Argenis Gadea
Era media noche. El aire estaba viciado por el humo de cigarrillo y perfume, todo acorde con el ambiente de un burdel. Parecía que el domicilio estuviera encerrado en un círculo, donde cualquier fantasía podía cumplirse. Los hombres, coronados por el prestigio de la experiencia, bailaban y se intercambiaban las mujeres, antes de entrar a los cuartos. Pensé en quedarme una hora más; pero una voz secreta dentro de mí, igual a la que escuchan los apostadores, me decía que volviera a casa. Miradas conspirativas se veían en los rostros de los hombres ansiosos de sexo. El hombre el de canas sospechosas, que me había recibido en la puerta, me indicó que caminara unos doscientos metros, para llegar al sitio donde podía esperar un taxi; y antes de que yo le diera las gracias, agregó con una seriedad de plomo:
—Qué valiente eres al andar a esta hora por esta zona de ladrones, que no interrumpen el ejercicio de su profesión.

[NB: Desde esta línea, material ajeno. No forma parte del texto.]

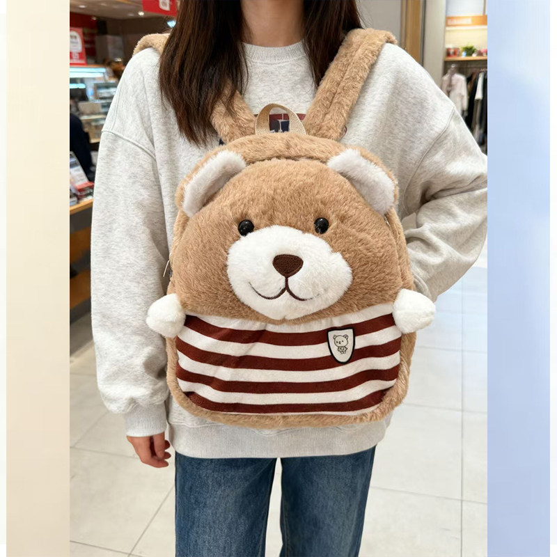 萌系背带裤松鼠毛绒双肩包软fufu元气卡通可爱少女心日常出游背包

Mantuve la calma y salí caminando sin mirar hacia atrás, pensando que se trataba de un chiste de mal gusto. ¿Por qué será que es más fácil infundir miedo que explicar una idea? A lo lejos se escuchaban sirenas de carros de policía. Apuré el paso por aquella calle amorfa, donde escuchaba cómo mis pasos resonaban en las paredes; las luces del alumbrado público eran tan débiles que parecían estrellas.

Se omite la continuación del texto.